La mirada de Dina Cordero se volvió de hielo.
—El que tiene la mente sucia, todo lo ve sucio.
Gerardo la recorrió de arriba abajo y torció los labios en una sonrisa cínica.
—Niñita, la verdad es que yo tampoco estoy nada mal económicamente. Ese Mercedes es mío. ¿Por qué no te vienes conmigo y ya? Alguien como Matías... decir que es el intocable de la ciudad Parmila no es una exageración. Tú, mejor ni te hagas ilusiones. En vez de soñar despierta, mejor...
El tipo tenía una mirada maliciosa y su voz se volvió cada vez más asquerosa.
Mientras hablaba, se acercó a ella.
Dina retrocedió.
—¡Estás enfermo! No me toques, lárgate.
—Dormir es dormir, sin importar con quién. ¿Qué tiene de malo probar conmigo? —dijo Gerardo.
Dina sintió asco. Se dio la vuelta para irse, pero Gerardo le agarró la mano y bajó la voz junto a ella.
—Saliste a trabajar esta noche y no ganaste ni un peso, qué lástima. ¿Qué tal si te doy mil dólares por una noche?
—¡Suéltame!
Dina forcejeó, pero Gerardo la sujetó con más fuerza.
—¡No te hagas la santa! —Gerardo había sido rechazado por varias mujeres últimamente y, para colmo, su jefe acababa de regañarlo, así que estaba lleno de resentimiento.
Dina no quería discutir con alguien así, solo quería evitar problemas. Luchó con todas sus fuerzas para soltarse de su asquerosa mano, pero no pudo liberarse.
—Suéltala.
Una voz sumamente helada cortó el aire.
Gerardo abrió la boca, listo para maldecir a quien se atreviera a interrumpir su momento.
Pero cuando vio de quién se trataba, los insultos se le atascaron en la garganta.
Su actitud arrogante se desmoronó en un instante.

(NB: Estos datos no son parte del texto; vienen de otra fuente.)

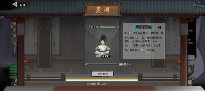 开局一定要刷到有雷功法宗门的地图(有次刷到个没有雷功法的门派地图在不知道有插件的情况下纯肝累麻了都没找到) 在灵阁突破可以获得特有“聚雷尖戟”
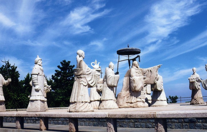 在瑯琊臺頂,共有石雕像14尊:秦始皇、徐福、胡亥、李斯、趙高和文武官員、武士、侍女、侍從等。群雕生動地表現了公元前210年秦始皇第三次巡游瑯琊時,徐福向秦始皇講述海上求仙經過的場面。版權所有山東聊城聊之旅國際旅行社有限公司,轉載必究!作品的整體氣韻與古臺、高天、大海和群山的背景渾然融合而又相互襯托,氣勢宏大。群雕把一個充滿傳奇色彩的歷史場面燦然凝固在瑯琊臺上。
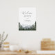 Welcome friends and family to your wedding ceremony with this elegant sign, featuring watercolor mountains and pine trees.
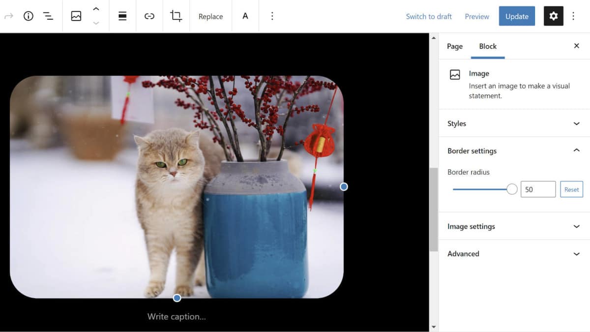 Theme authors can now opt into border-radius support for images. Support comes in two forms. One is a setting to allow end-users to customize the border-radius via the block options sidebar. The second is setting a default border-radius value for all images.
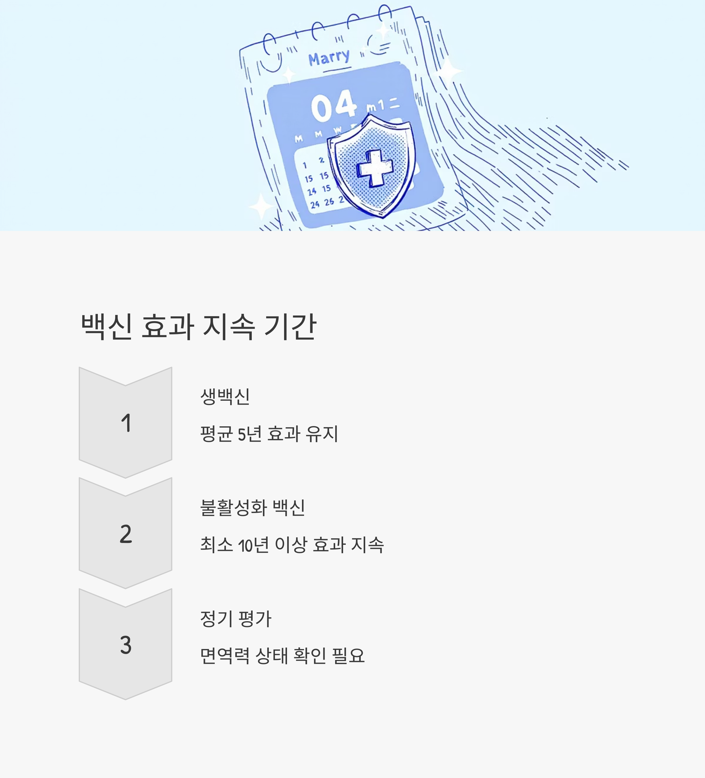 정기적인 면역력 평가와 필요 시 재접종 여부 판단이 중요합니다
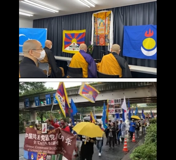 中国共産党が創建100年を迎えた2021年7月1日、犠牲者への追悼集会を行った、 南モンゴル・チベット・新疆ウイグル・香港人や日本人支援者ら約60人が参加。
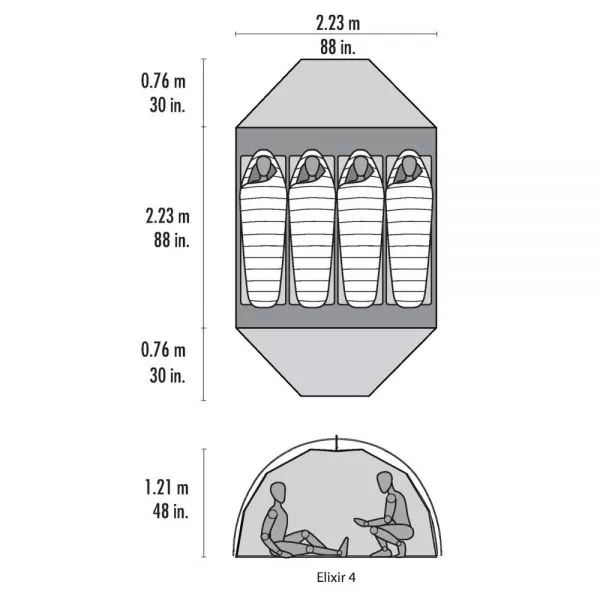 Mit all den Merkmalen, die man von MSR erwarten kann, bietet das Zelt MSR Elixir 4 Neulingen (und erfahrenen Rucksackcampern) ein extrem wohnliches, überraschend leichtes Rucksackzelt zu einem grossartigen Preis. Die Konstruktion des Zeltes bietet jede Menge Platz im Kopfbereich und Raum für vier Erwachsene und ihre Matten, zwei grosse StayDry-Türen für den bequemen Einstieg sowie zwei grosse Eingangsbereiche mit 35% mehr Stauraum. Das Zelt ist aus atmungsaktivem Netzgewebe und solidem Vordachmaterial gefertigt. Das MSR Elixir 4 bietet Belüftung, Wärme und Sichtschutz, während die mitgelieferte Zeltunterlage mehrere Aufstelloptionen ermöglicht.
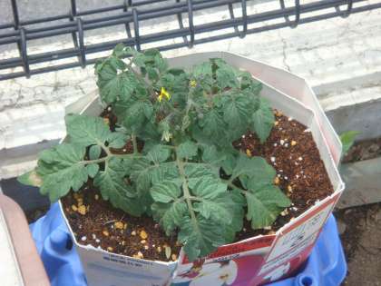 先週の木曜日、2年生はミニトマトの苗を植木鉢に植えました。ゲストティーチャーの足立先生に植え方を教わって、一人一苗ずつ植えました。牛乳パックを使って、土をたくさん入れました。
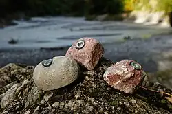 Machined natural stone holds are intended to give climbers a real stone feel. Due to processing costs, they are more expensive than resin holds and require extra care when installing. They are purported to be more environmentally friendly, and to bring the feeling of outdoor climbing to indoor climbing walls.
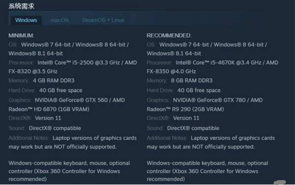 显卡:NVIDIA GTX 660或AMD Radeon HD 7950
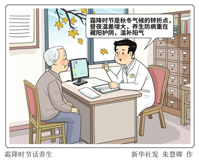 起居也需格外注意。中国中医科学院西苑医院血液病科主治医师李蕊白说,霜降节气昼夜温差较大,应及时添衣,特别是做好脚部和胃部保暖;宜早睡早起、保证充足睡眠,睡前可以热水泡脚以缓解疲劳;可通过郊游、登山、赏菊等活动舒缓心情,但不宜过度劳累、大汗淋漓。
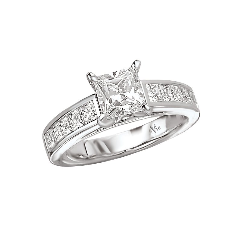 Channel Set Diamond Ring is crafted in high polished 14kt White Gold with a peg head center. (D 5/8 carat total weight) This peg head semi-mount ring comes with NO CENTER STONE as shown but it will accommodate a 5.5mm princess cut center stone.
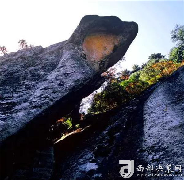 峰南側(cè)是千丈絕壁,直立如削,下臨一斷層深壑,同三公山、三鳳山隔絕。南峰由一峰二頂組成,東側(cè)一頂叫松檜峰,西側(cè)一頂叫落雁峰,也有說南峰由三頂組成,把落雁峰之西的孝子峰也算在其內(nèi)。這樣一來,落雁峰最高居中,松檜峰居東,孝子峰居西,整體形象一把圈椅,三個峰頂恰似一尊面北而坐的巨人。
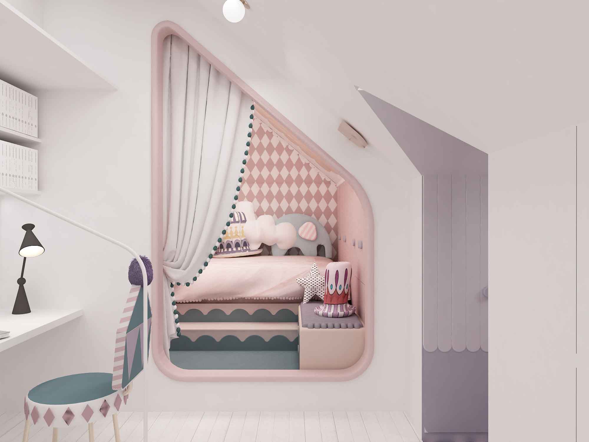 The boy's room uses the robot that the little boy loves as the design theme. Through minimalist geometric reorganization and line drawing, it depicts a child-fun room. The girl's room is based on soft pink colors and uses cute wave patterns as decorative border on different kinds of furniture, creating a delicate and exquisite dreamy princess room.
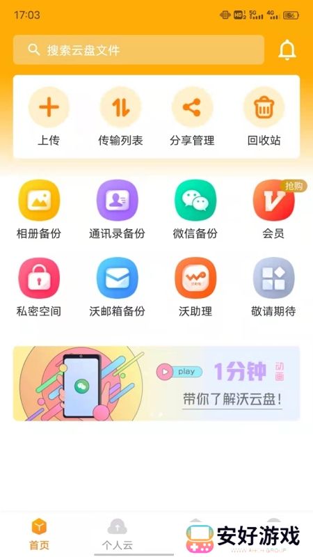 联通云盘app官方客户端是中国联通官方推出的一款手机云存储app,依靠中国联通的高带宽能力,保障用户上传/下载不限速,支持本地相册备份、通讯录备份、微信备份、沃邮箱备份功能,一建存储到云端,释放你的手机空间。
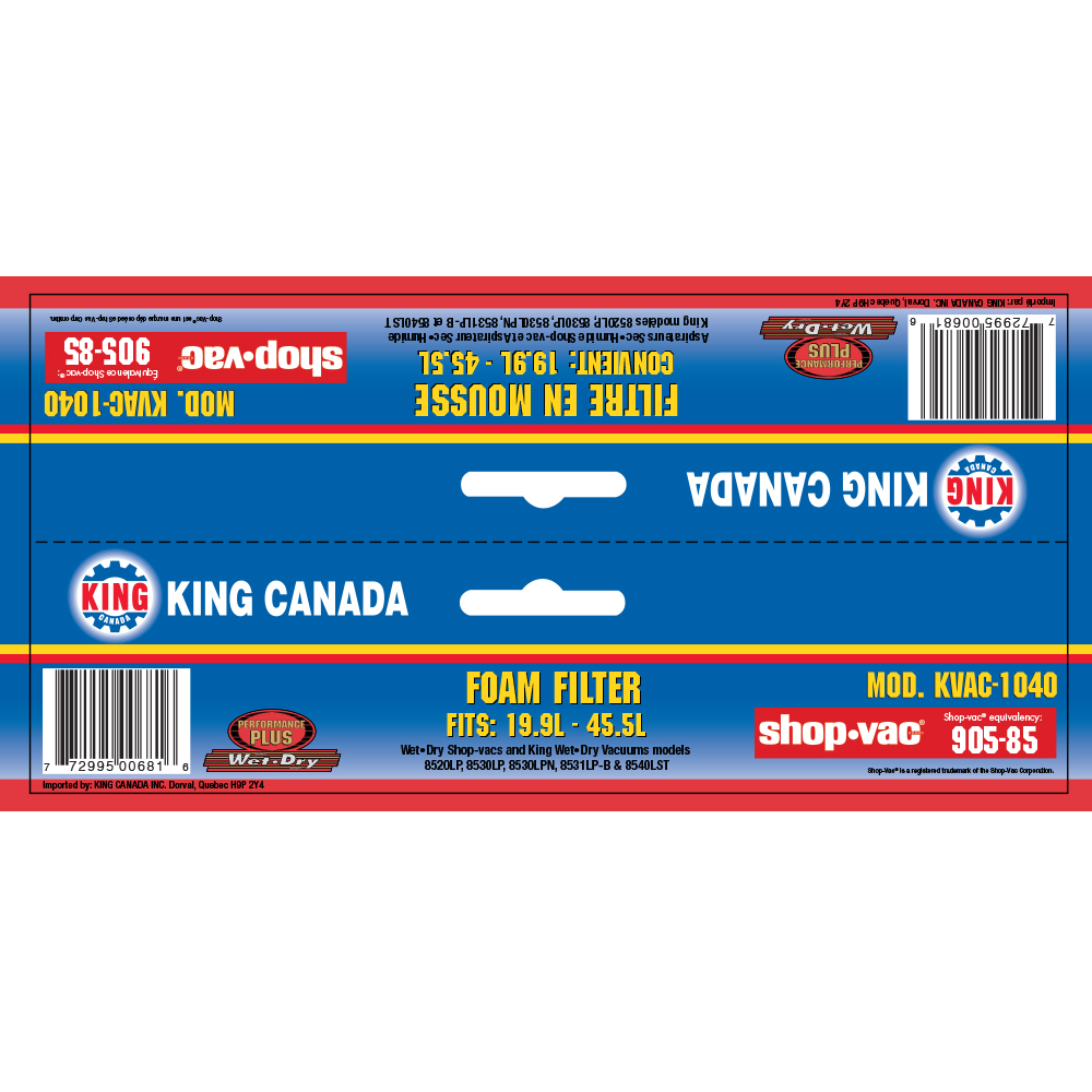 • Équivalent à manchon de filtre Shop-Vac modèle 905-85
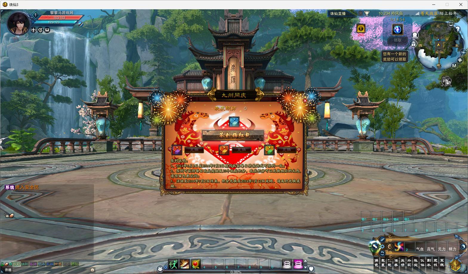 34.开启了天界云渺天河、云渺天河·晓、云渺天河·净、南土一梦副本;
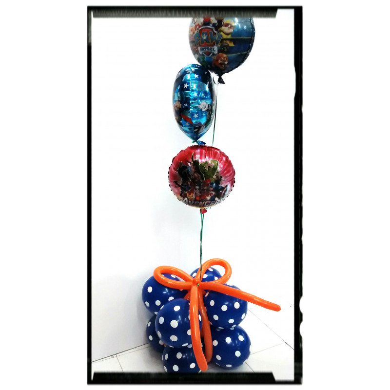 Caja de regalo de globos y bouquet personajes variados
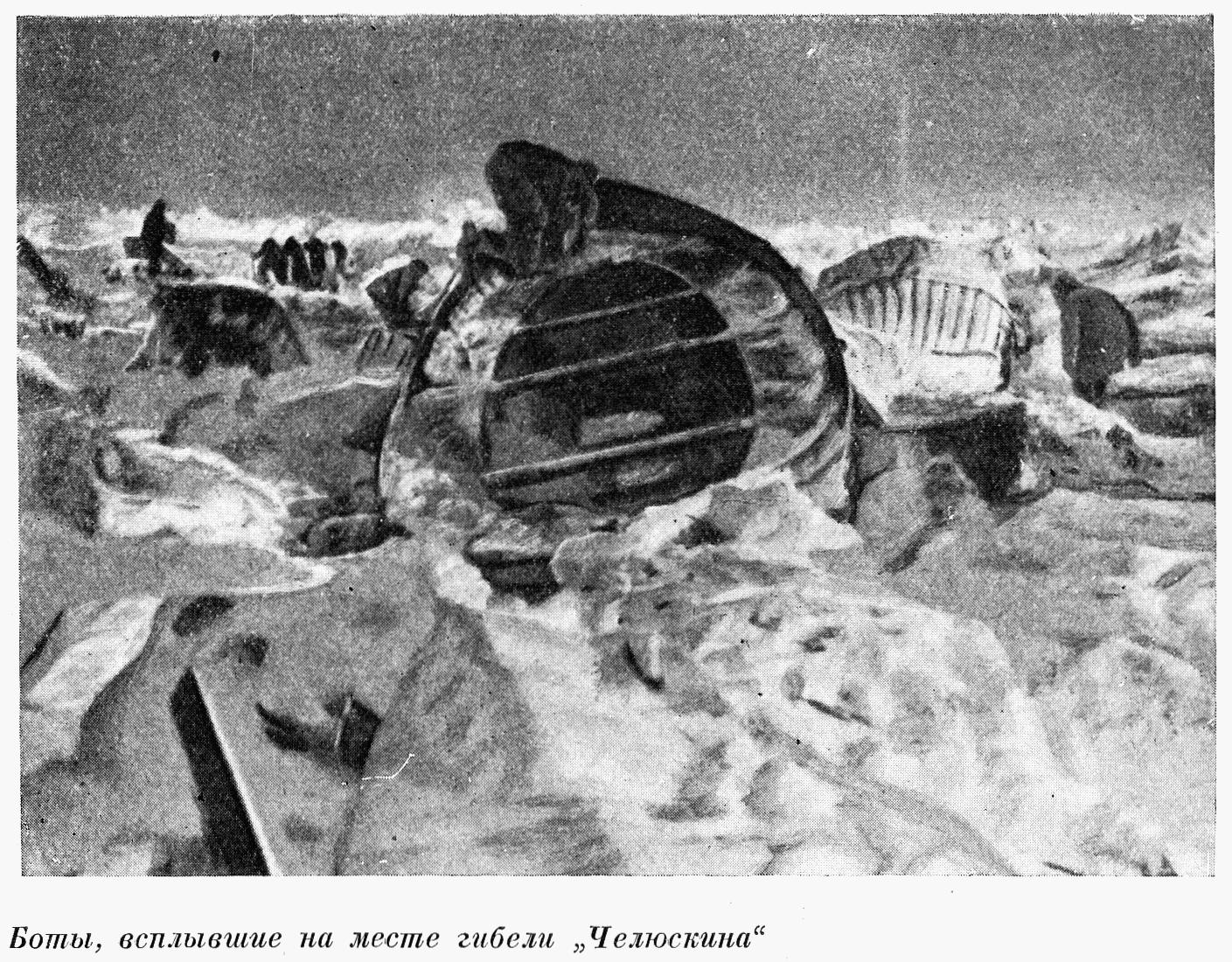Днем энергично "осваивали" льдину. В черной полынье, оставшейся на месте гибели "Челюскина", всплыло множество всякого добра: шлюпка, тес с палубы (тали и найтовы, которыми он был прикреплен, мы предусмотрительно обрубили перед погружением судна), несколько бочек горючего. Одним словом — все, о чем только может мечтать потерпевший кораблекрушение... Все это общими усилиями извлекалось на лед. Последний раз спасибо "Челюскину"!
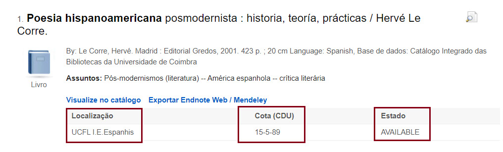 Pode ainda definir a biblioteca onde o recurso está integrado. Nos resultados são indicados: a localização física do recurso (biblioteca e cota) e a sua disponibilidade para consulta.
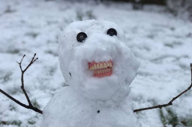 “Meanwhile in the house, I was looking for buttons for the snowman’s eyes when I found a wash bag with all my grandmother’s old teeth from throughout the years.”
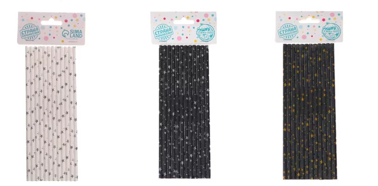 Набор трубочек "Звезды" 20см 12шт, 3цв.
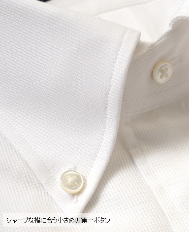 ■第一ボタンには、シャープな襟に合う小さめの9mmボタンを使用。
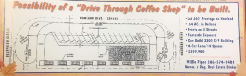 Make a left on to Bluffview drive across the back of the lots get you tacos then exit out onto Maureen Dr. this layout has been drawn up, with the setbacks, long narrow foot prints of the building and parking, 2,100 Sq. Ft building. 8 car holding lane and 12 parking spaces. Near Deltona’s Hospital on Howland and I4. Two corner lots. Ideal for retail/commercial locations. Across from Winn-Dixie. Near sewer and water. Great panoramic double corner exposure. Direct turning lane from Howland. Ideal for drive thru/fast food restaurant.

Solo quedó asombro y pánico.
Porque, a unos pasos de distancia, estaba parado el mismo hombre al que acababa de llamar el intocable de la capital: Matías.
El hombre era altísimo. Llevaba un traje oscuro de un corte impecable; el saco descansaba casualmente sobre su brazo. Aunque su postura parecía relajada, sus ojos cortaban como cuchillos y emanaba un aura intimidante.
—Matías... —Gerardo le dedicó una sonrisa servil.
Matías Hurtado miró la muñeca de Dina, que seguía apresada, y su mirada se volvió aún más gélida.
—Suéltala. ¿No me entiendes?
Solo entonces Gerardo se dio cuenta.
Lo que esta trabajadora temporal había dicho hace un momento probablemente era verdad.
Matías y ella sí se conocían.
Dina por fin se liberó. Se frotó la muñeca adolorida y miró al hombre frente a ella, que ahora le parecía un completo extraño.
Matías frunció el ceño e hizo una seña a uno de los hombres que lo acompañaban, que tenía pinta de guardaespaldas.
El tipo fornido se acercó con rostro sombrío, agarró a Gerardo por el cuello y lo arrastró hacia el estacionamiento.
—Gerente, ya que no puede controlar esas manos, ¿qué le parece si se las corto?